For SmartOne: Labelbox would describe SmartOne as a potential customer, not a competitor. That view is worth noting when positioning. For buyers who want to bring annotation in-house, Labelbox wins. For buyers who want managed services with Physical AI depth from a conflict-free partner, SmartOne wins.
$148M ARR, $238M raised, $1.3B valuation at Series D. Stanford AI Lab origin. Programmatic labeling: foundation models and labeling functions reduce manual annotation dependency. Launched Expert Data-as-a-Service May 2025 to enter managed services.
For SmartOne: Snorkel's programmatic approach is a future substitution risk for rule-bound annotation tasks. For Physical AI ground-truth work requiring human judgment in ambiguous physical environments, automated labeling functions do not substitute. The moat is in the edge cases, not the volume work.
Amsterdam-based, originally Yandex subsidiary. $72M Series C in May 2025 led by Bezos Expeditions. Shopify CTO as Executive Chairman. 200,000+ annotators, 40+ languages. Named clients include Anthropic, Amazon, Microsoft, Shopify.
For SmartOne: Toloka's crowd model is not Physical AI-focused. The Bezos money means Amazon-adjacent investor dynamics. Despite the Amsterdam HQ, Toloka does not have a French entity, French-speaking leadership, or French defense client history. The EU positioning gap is real.
ASX-listed, Sydney-based. $232M revenue in 2025, down from peak. Lost Google as major client in 2024. GenAI now 44% of Q4 2025 revenue, up from 35% a year prior. FY2026 guidance $270-300M represents a recovery target from post-Google turnaround.
For SmartOne: Appen is rebuilding around Chinese GenAI clients. Not a Physical AI specialist, not a conflict-free positioning play. The comparison is useful for revenue context: SmartOne at $6M is at 2.6% of Appen's revenue with a cleaner ownership story and stronger Physical AI depth.
The specific claim: bootstrapped, no hyperscaler entanglement, Physical AI depth already in production, SOC 2 Type II and ISO 27001, 14-year institutional workforce. This is the clearest wedge and the most time-bounded one. It will narrow as Scale rebuilds trust, Surge raises capital and completes its VC round, and new entrants arrive. It is open today.

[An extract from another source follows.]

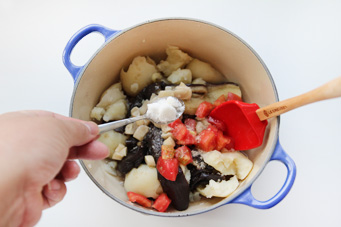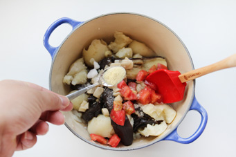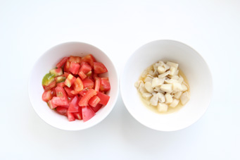 食材:紫色长茄2个土豆 3个西红柿1-2个平菇 2小朵香菜 少许小葱 少许盐巴 少许白糖少许芝麻油 少许鸡粉(选用)少许油辣子 1小勺做法:1.土豆茄子洗净,蒸熟;西红柿切丁,平菇切丁炒熟备用。2.将蒸好的茄子与土豆捣碎,切忌不要捣成泥,然后加入炒好平菇、西红柿丁以及其他调味料拌匀即可,冰箱冷藏后食用风味更佳。

The reliability story. Full-time employees trained over years on specific annotation domains produce tighter accuracy distributions than gig contractors. For physical-world data where an annotation error can cause a robot to misclassify an obstacle, the production model matters. This wedge is durable because it is structural, not a positioning choice.
No direct competitor in this set has a French entity, a French-speaking leadership team, and active French defense client history simultaneously. As European AI adoption accelerates and EU AI Act compliance creates demand for EU-based data provenance, this combination is a real opening. This wedge activates in Phase 2.